When thinking about framing, there are infinite ways in. In my experience, three of the most important questions we can ask ourselves are:
- Can we frame the same attribute more positively?
This one might seem obvious, given that our jobs tend to be about ‘accentuating the positives’, but it works.
Often, there are multiple options for positive framing and the challenge is working out which stage to play on. Do we want to be the healthiest snack in the confectionery aisle, or the tastiest treat in the health food aisle? Are we better off building a brand that’s the best Vodka from New Zealand, or the most New Zealand vodka in the world?
- I remember seeing an ad last year for Berocca that positioned the product as what you take to be ready for a big day ahead, rather than what you take to recover from a big night out. This is a prime example of more positive framing in action.
- Can a benefit be framed in terms of losses rather than gains?
There’s a large body of research (also from the field of Behavioural Science) that demonstrates humans are far more motivated to avoid losses than to pursue equivalent gains. This makes sense from an evolutionary perspective where, for most of human history, gaining an extra day’s worth of food was a nice bonus but losing today’s meal would have been a disaster. For this reason, framing benefits as ‘avoided losses’ can be far more powerful than framing them as gains.

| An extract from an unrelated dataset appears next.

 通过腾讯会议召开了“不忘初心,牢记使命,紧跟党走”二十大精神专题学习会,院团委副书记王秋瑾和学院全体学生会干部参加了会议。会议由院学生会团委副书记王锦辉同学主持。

- Research by Simon Gächter in 2009 looked at registration fees that included either penalties for late payments or discounts for early ones. Despite the amounts payable being identical, late fees resulted in 93 per cent of people paying on time (avoiding a loss) while early discounts were only taken up by 67 per cent (getting a gain).
- In the VC world, funders will often consider whether a fledgling startup is positioning itself as more ‘aspirin’ or ‘multivitamin’, knowing that consumers are willing to pay more for the former (get me back to normal) than the latter (take me somewhere new and amazing).

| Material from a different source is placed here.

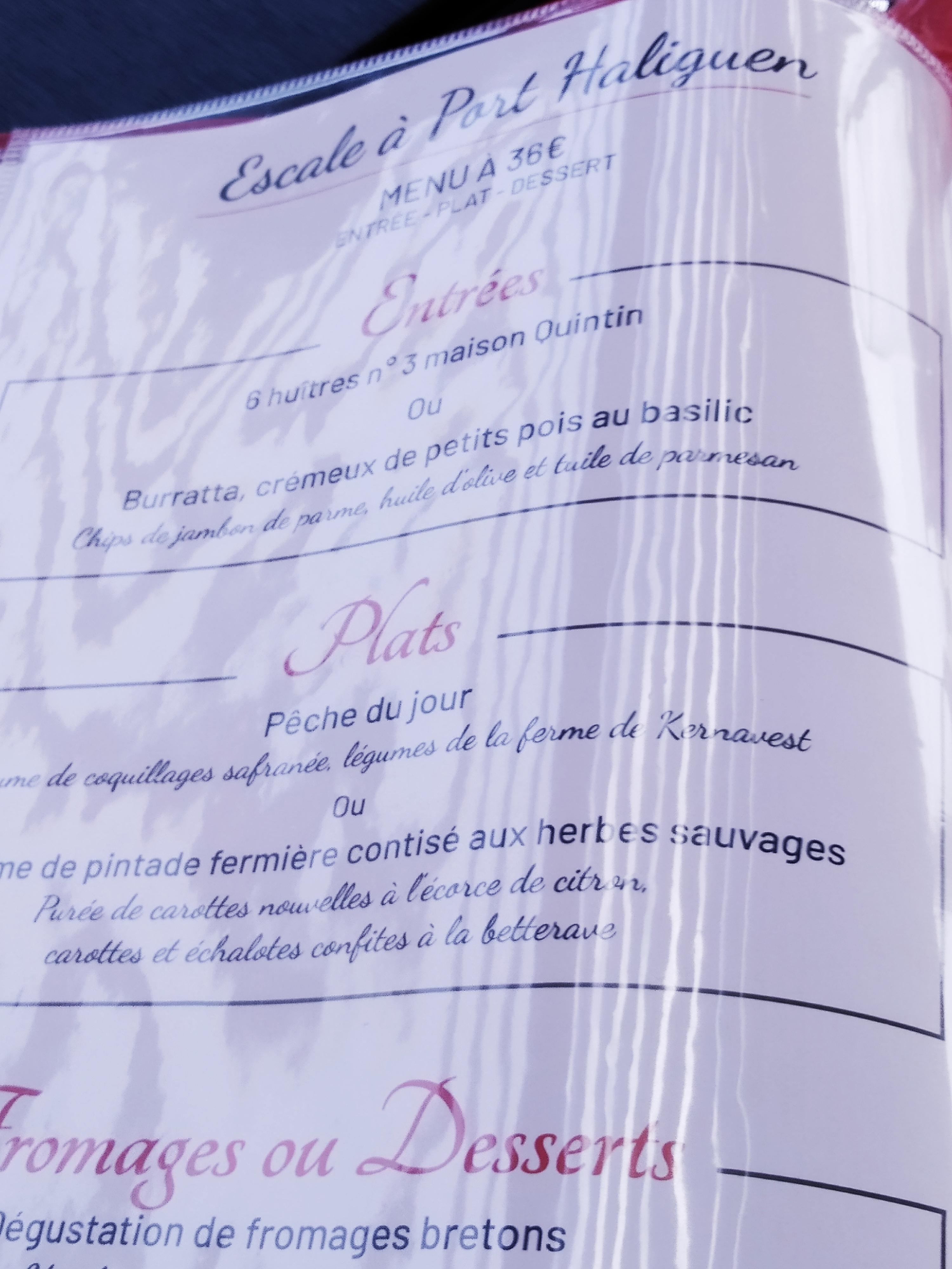 Repas excellent, très bon rapport qualité prix je recommande sans problème. Nous y avons manger à midi de passage a Quiberon nous reviendrons à notre prochain passage dans le coin.

- How far up the ladder can we go?
There’s no question that all advertising is designed to reframe perceptions, but in my experience, there’s a distinct hierarchy to consider. At a minimum, comms should reframe the way somebody feels about a product (‘oh wow, now it’s got folate!’).
- The next rung up is reframing the way somebody feels about a brand. For example, the recent Crocs collab with Justin Bieber has lifted demand across the entire Crocs portfolio, not just the limited edition (yet still unsightly) Bieber edition.
The third rung up is reframing an entire category. This is usually achieved by pointing out that until now, people have been shopping it all wrong, and that in addition to ‘price vs quality’, there’s a whole new dimension to consider. Who Gives a Crap added ‘social impact’ to toilet paper. Virgin added ‘fun’ to air travel. Suzuki is doing the same to cars.
- Which brings us to the final rung — reframing the way people feel about themselves. It appears that the thread running through almost every case study that’s become too much of a trope to share, is the way it’s changed people’s perceptions of themselves. Nike (‘maybe I am an athlete?’), Dove (‘maybe I am beautiful?’), Apple (‘maybe I am creative?’) — I’m looking at you.
- Deciding which rung to play at will impact everything, from the tone and language used to the budget required to get the job done.
Considering these three questions will help ensure that while we’re busy rebuilding our brand shrines (content), we stay highly attuned to the world we’ll be placing them into (context).